Non-native graph databases can never achieve the same level of speed, performance, and optimization. This is because they layer a graph API on top of a different database. Thus a translation between graph and non-graph structure has to occur every time.

When dealing with big data, you want to avoid any unnecessary time spent on translations. The large volume, velocity, and variety of big data are all reasons for which you should opt for a native graph database.

LPG

LPG stands for Labelled Property Graph. LPG is a perspective you can take when looking at Knowledge Graphs. An alternative would be RDF. My colleague Giuseppe compared RDF and LPG perspectives in more detail when graphs are used as knowledge repositories.

In LPG, nodes can have classes/labels – for example, a person or a song. Both nodes and relationships can have attributes. These attributes describe and provide more details on the entities.

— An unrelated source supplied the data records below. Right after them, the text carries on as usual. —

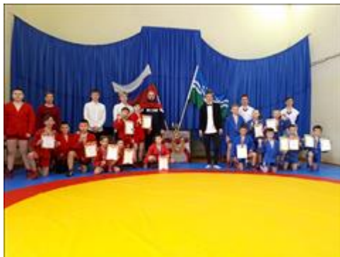
Фото победителей и призеров первого дня соревнований 8 представителей ЦГ проекта в новой, пошитой на заказ форме самбо (куртка и шорты)

Мероприятие: Приобретена (сшита на заказ) форма самбо, парадные костюмы для ЦГ проекта
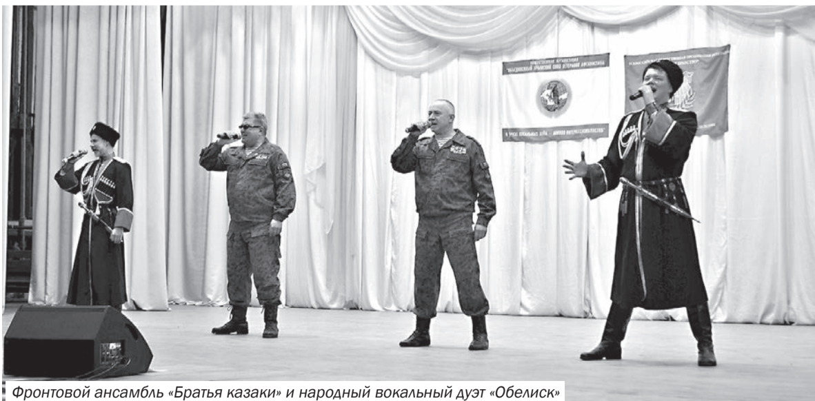
Фронтальной ансамбль «Братья казаки» и народный вокальный дуэт «Обелиск»
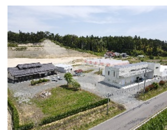
株式会社アグリ鶴谷(南相馬市)
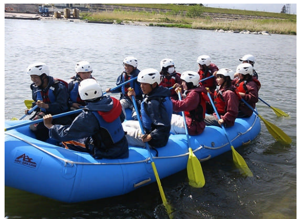
<最初は不安そうでしたが…爽快なラフティング>
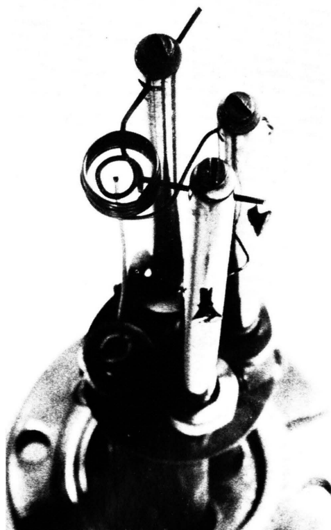
Abb. 1. Elektronenstrahlkanone aufgebaut auf einer Vierfach-Durchführung CF35. Heizwendel und Beschleunigungszylinder bestehen aus dem gleichen Material wie der aufzuschmelzende Probendraht.

Wyatt 8 und Shen 9, 10 haben durch Ausgasen widerstandsbeheizter Folien im Ultrahochvakuum den zu untersuchenden Supraleiter präpariert. Bei Versuchen, diese Methode anzuwenden, haben wir gefunden, daß beim Durchschmelzen der Folie schließlich zwei, durch geriefte Kristallite und einen zerklüfteten Schmelzrand gekennzeichnete Schmelzlinge entstehen, auf denen es schwierig ist, einen Tunnelkontakt sicher zu plazieren. Wir haben deshalb nach anderen Möglichkeiten gesucht, den Supraleiter sorgfältig auszugasen und dabei eine saubere und glatte Oberfläche zu schaffen. Das gelingt, indem wir von Probenmaterial in Drahtform (MRC, MARZ grade, \phi 1 mm) ausgehen. Mit Hilfe einer außerordentlich einfachen Elektronenstrahl-Kanone wird ein Drahtende aufgeheizt und nach sorgfältigem Ausgasen schließlich zu einer glatten Kugel aufgeschmolzen. Die Elektronenstrahl-Kanone ist auf einer kommerziellen Vierfach-Durchführung CF 35 aufgebaut (Abb. 1), wobei die Beachtung der UHV-technischen Gesichtspunkte gewährleistet, daß auch bei steigen-
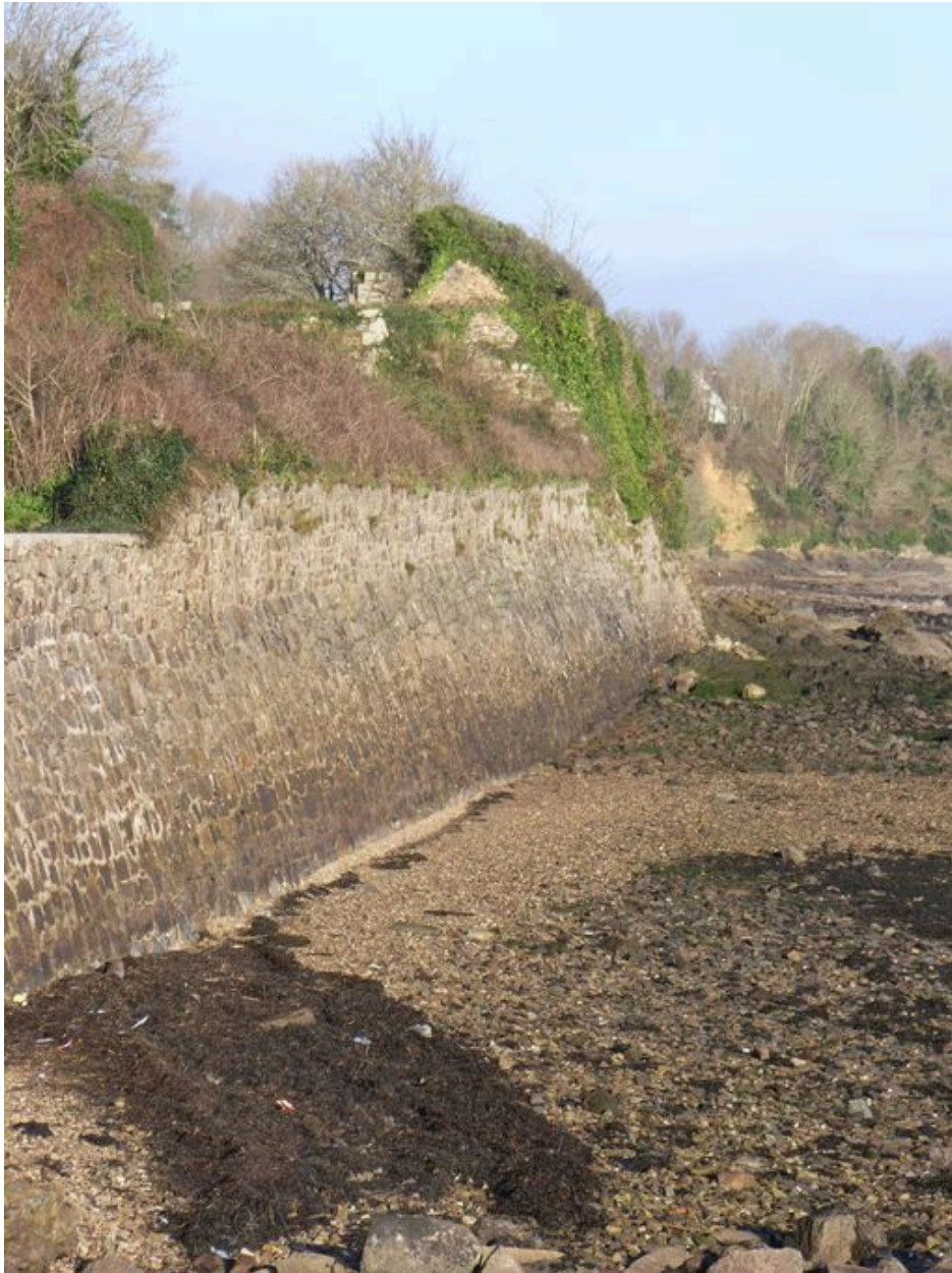
Mur de soutènement dans la continuité de la digue-route de Quéléren

In the picture below, you can see our famous song graph. Here you can see artists I seem to like/whose songs I have shared in the 30 day song challenge (Sasa is something like my nickname). The artists have attributes like name, inception year, and so on. The artists are connected to my Person node by a LIKES_ARTIST relationship. Note that as a best practice, the name of a relationship should reflect its direction. This relationship could also have attributes with e.g., a score from 1-10 based on how many songs from them I have shared.

Song graph

LPG allows projection, filtering, grouping, and counting – all useful in data analysis and exploration.

Conclusion

That might have seemed like a lot, but now you know:

  • What classifies big data
  • Why are graph databases a perfect fit for managing big data
  • The basics of scaling graph databases
  • The differences between native and non-native graph databases
  • How does a labelled property graph look like – intuitive, and easy to read.

These takeaways will be helpful when we dive into the next chapter of Graph-Powered Machine Learning – Graphs in machine learning applications. I hope you enjoyed your reader’s digest, and I will be back with the next one in a couple of weeks.